* BRIEF *
In the data below, find the line containing "Estas sabrinas foram" and the line containing "4. 填写子网名称、CIDR、可用区和关联路由表。", then reproduce them and every line between, exactly. Omit pictures.

* TASK INPUTS *
────

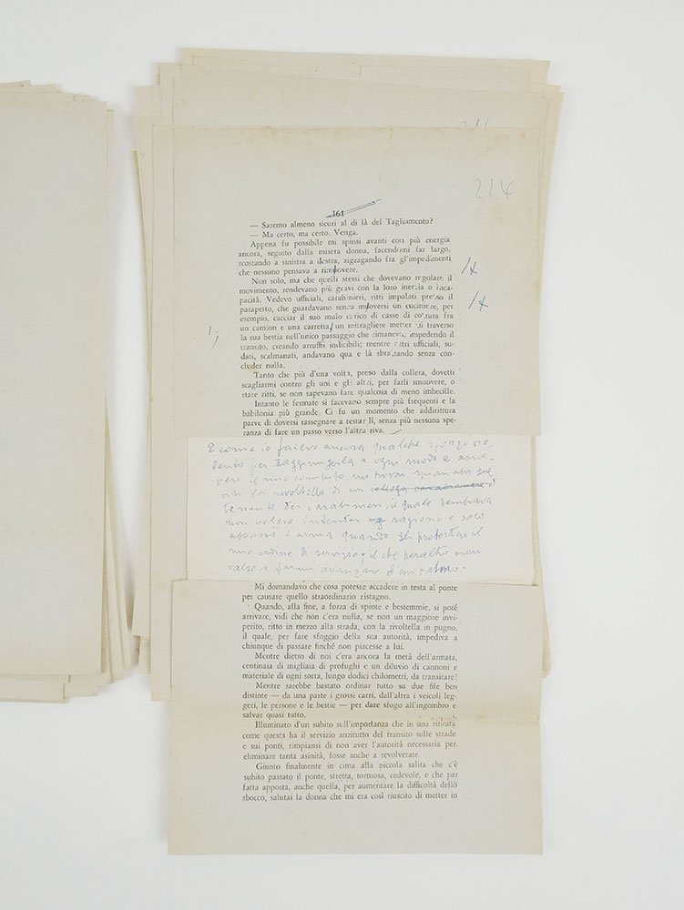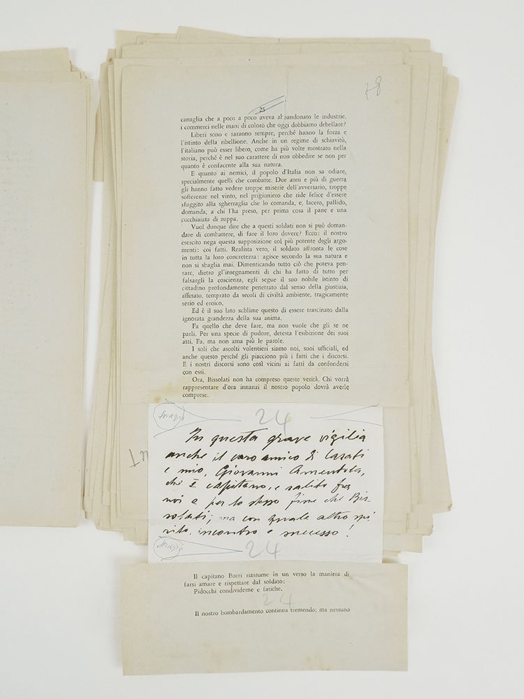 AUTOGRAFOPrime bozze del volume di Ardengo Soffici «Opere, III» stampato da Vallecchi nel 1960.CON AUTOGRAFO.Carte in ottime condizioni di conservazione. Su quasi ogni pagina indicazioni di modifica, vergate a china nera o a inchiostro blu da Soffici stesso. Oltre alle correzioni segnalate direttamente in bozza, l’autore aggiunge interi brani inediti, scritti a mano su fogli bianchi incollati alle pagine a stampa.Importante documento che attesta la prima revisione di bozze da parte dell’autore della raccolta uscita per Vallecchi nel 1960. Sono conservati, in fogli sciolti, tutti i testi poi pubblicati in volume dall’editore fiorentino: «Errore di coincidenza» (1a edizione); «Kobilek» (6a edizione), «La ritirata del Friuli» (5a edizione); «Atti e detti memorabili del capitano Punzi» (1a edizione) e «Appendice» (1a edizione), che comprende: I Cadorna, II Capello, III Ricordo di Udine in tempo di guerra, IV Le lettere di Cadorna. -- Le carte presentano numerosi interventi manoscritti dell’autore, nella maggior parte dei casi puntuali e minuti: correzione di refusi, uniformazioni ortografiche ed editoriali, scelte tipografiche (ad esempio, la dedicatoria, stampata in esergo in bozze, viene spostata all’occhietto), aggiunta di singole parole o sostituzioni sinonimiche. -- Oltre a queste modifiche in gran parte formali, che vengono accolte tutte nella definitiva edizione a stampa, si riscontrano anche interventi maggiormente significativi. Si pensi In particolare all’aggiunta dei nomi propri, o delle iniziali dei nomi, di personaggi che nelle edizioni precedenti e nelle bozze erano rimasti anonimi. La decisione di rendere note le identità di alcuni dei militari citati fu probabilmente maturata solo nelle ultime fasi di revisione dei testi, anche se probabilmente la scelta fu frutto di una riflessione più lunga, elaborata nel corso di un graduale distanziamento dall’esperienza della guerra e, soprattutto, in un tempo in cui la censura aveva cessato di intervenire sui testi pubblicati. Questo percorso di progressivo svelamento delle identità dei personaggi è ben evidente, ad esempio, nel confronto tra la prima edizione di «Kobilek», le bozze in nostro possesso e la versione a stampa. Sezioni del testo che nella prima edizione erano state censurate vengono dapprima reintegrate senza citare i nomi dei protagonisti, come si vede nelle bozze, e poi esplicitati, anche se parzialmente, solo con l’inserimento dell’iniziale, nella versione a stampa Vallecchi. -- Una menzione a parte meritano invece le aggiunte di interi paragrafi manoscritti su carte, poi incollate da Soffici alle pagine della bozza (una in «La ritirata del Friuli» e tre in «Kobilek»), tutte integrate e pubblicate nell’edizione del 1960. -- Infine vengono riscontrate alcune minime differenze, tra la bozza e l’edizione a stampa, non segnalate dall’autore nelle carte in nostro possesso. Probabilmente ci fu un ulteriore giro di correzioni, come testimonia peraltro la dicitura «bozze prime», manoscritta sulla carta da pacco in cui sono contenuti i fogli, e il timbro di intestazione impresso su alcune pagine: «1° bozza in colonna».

────

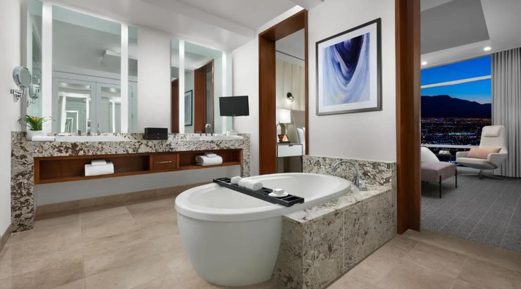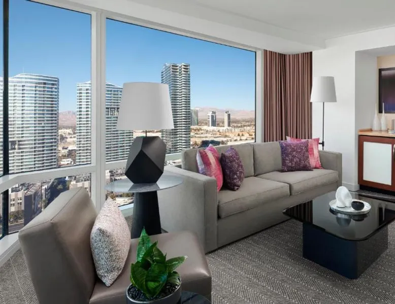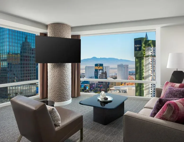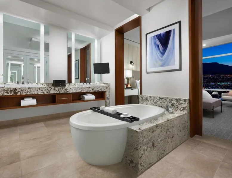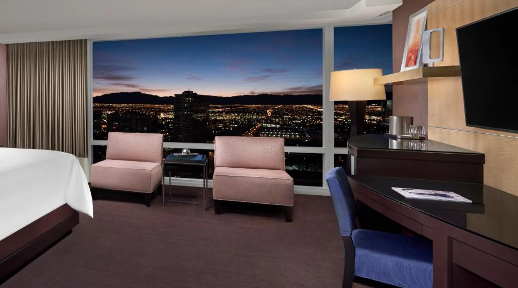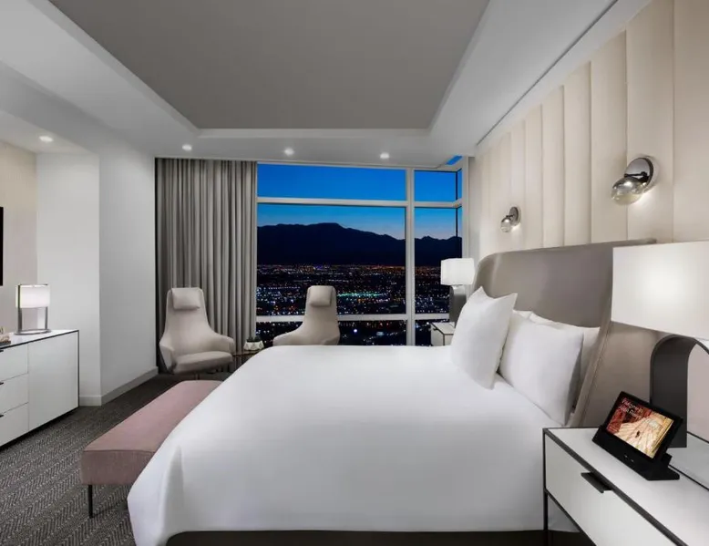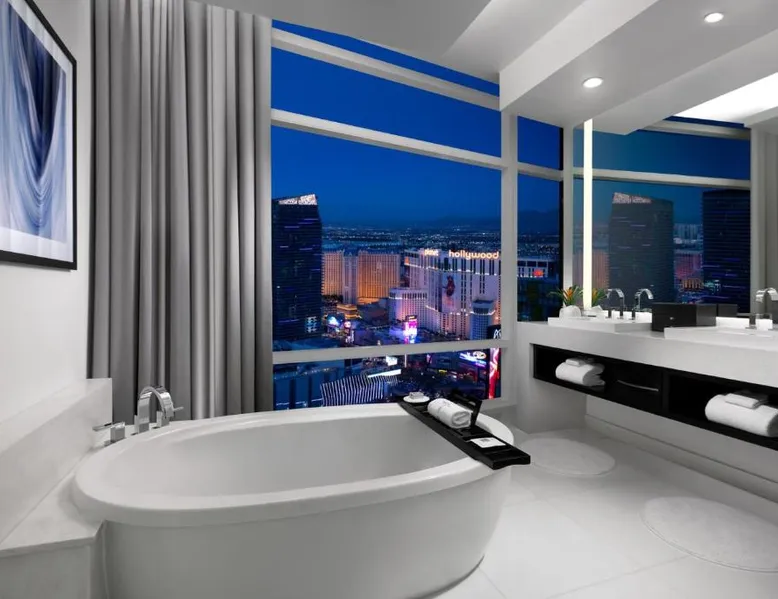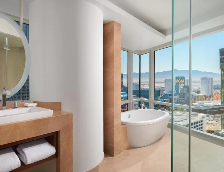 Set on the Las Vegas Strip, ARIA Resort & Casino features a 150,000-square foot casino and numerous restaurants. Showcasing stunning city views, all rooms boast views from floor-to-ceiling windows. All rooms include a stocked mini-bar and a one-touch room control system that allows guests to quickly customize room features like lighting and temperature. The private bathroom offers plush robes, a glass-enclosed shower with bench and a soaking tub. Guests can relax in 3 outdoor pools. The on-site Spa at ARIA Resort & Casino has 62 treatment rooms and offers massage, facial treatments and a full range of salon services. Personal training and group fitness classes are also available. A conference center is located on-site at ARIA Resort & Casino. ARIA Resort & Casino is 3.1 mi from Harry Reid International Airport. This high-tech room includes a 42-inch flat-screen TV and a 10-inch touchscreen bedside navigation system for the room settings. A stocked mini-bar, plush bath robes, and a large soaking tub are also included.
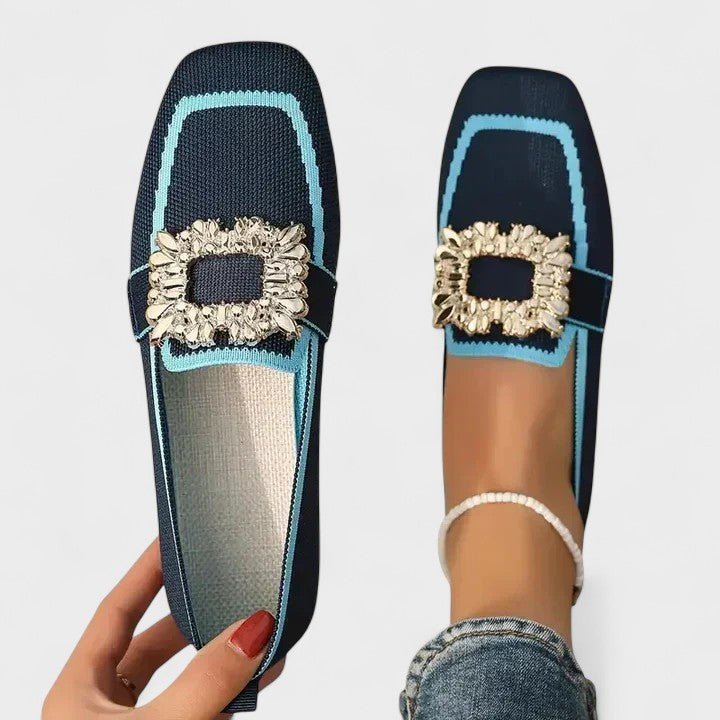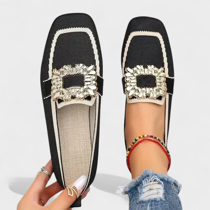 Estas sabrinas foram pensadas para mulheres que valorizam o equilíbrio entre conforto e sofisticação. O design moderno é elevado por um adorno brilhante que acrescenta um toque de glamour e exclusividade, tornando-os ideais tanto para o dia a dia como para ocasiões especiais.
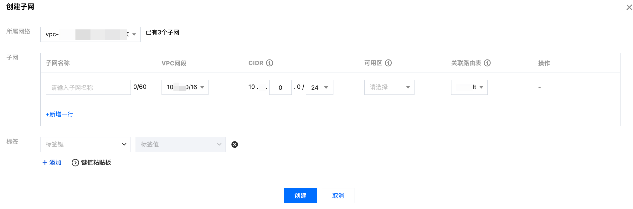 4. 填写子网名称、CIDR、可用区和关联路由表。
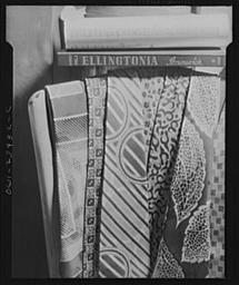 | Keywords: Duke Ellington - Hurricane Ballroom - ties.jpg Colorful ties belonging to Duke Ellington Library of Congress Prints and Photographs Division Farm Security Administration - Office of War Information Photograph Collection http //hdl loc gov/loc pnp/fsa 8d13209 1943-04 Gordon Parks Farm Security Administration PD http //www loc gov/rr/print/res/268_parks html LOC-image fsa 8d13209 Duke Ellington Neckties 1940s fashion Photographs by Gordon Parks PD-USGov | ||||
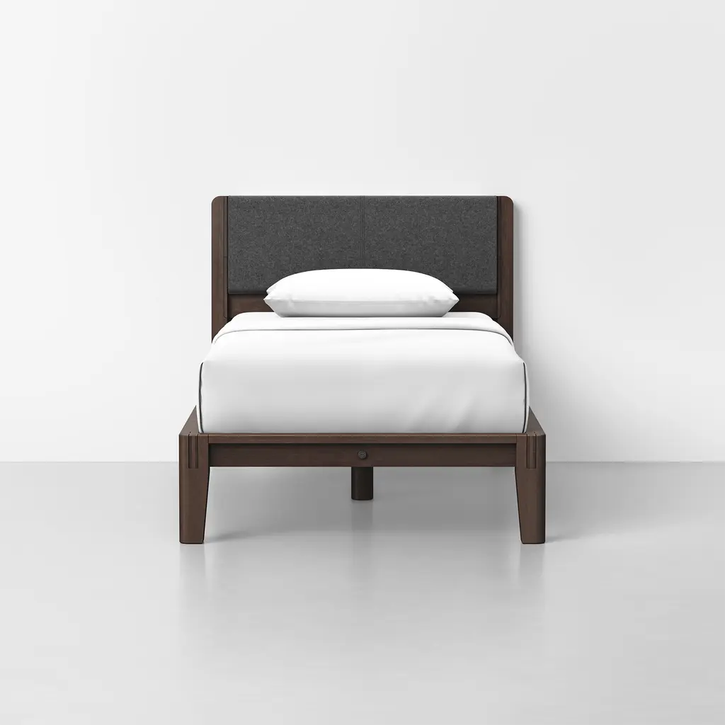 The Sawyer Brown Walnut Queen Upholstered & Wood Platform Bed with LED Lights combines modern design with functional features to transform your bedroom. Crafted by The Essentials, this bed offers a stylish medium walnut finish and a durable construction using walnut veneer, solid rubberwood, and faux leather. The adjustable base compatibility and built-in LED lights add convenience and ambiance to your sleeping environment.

────

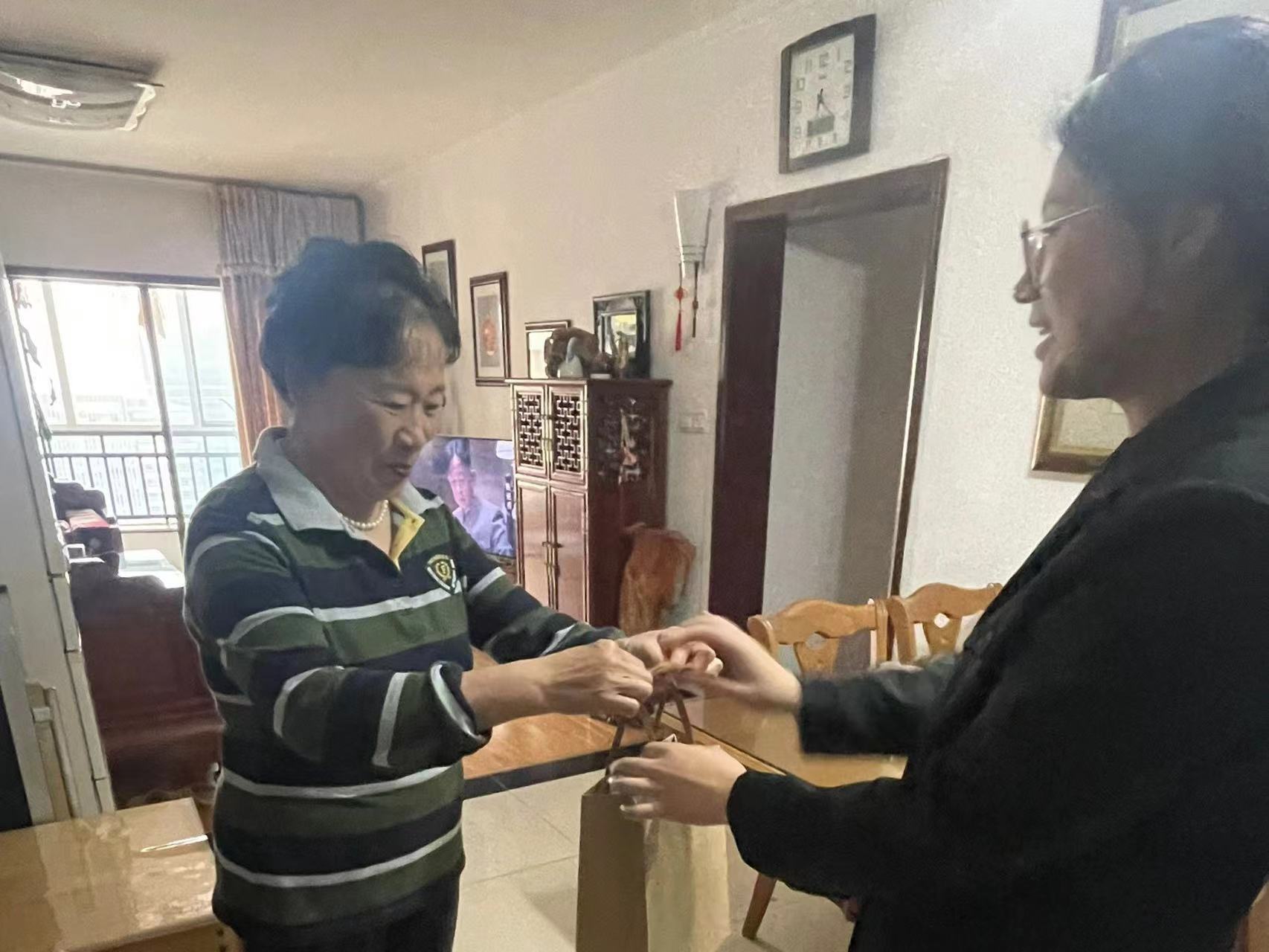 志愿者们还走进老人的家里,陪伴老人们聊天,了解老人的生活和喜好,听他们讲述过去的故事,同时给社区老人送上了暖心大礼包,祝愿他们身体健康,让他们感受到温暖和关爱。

────

* WRITTEN SOLUTION *
 Estas sabrinas foram pensadas para mulheres que valorizam o equilíbrio entre conforto e sofisticação. O design moderno é elevado por um adorno brilhante que acrescenta um toque de glamour e exclusividade, tornando-os ideais tanto para o dia a dia como para ocasiões especiais.
 4. 填写子网名称、CIDR、可用区和关联路由表。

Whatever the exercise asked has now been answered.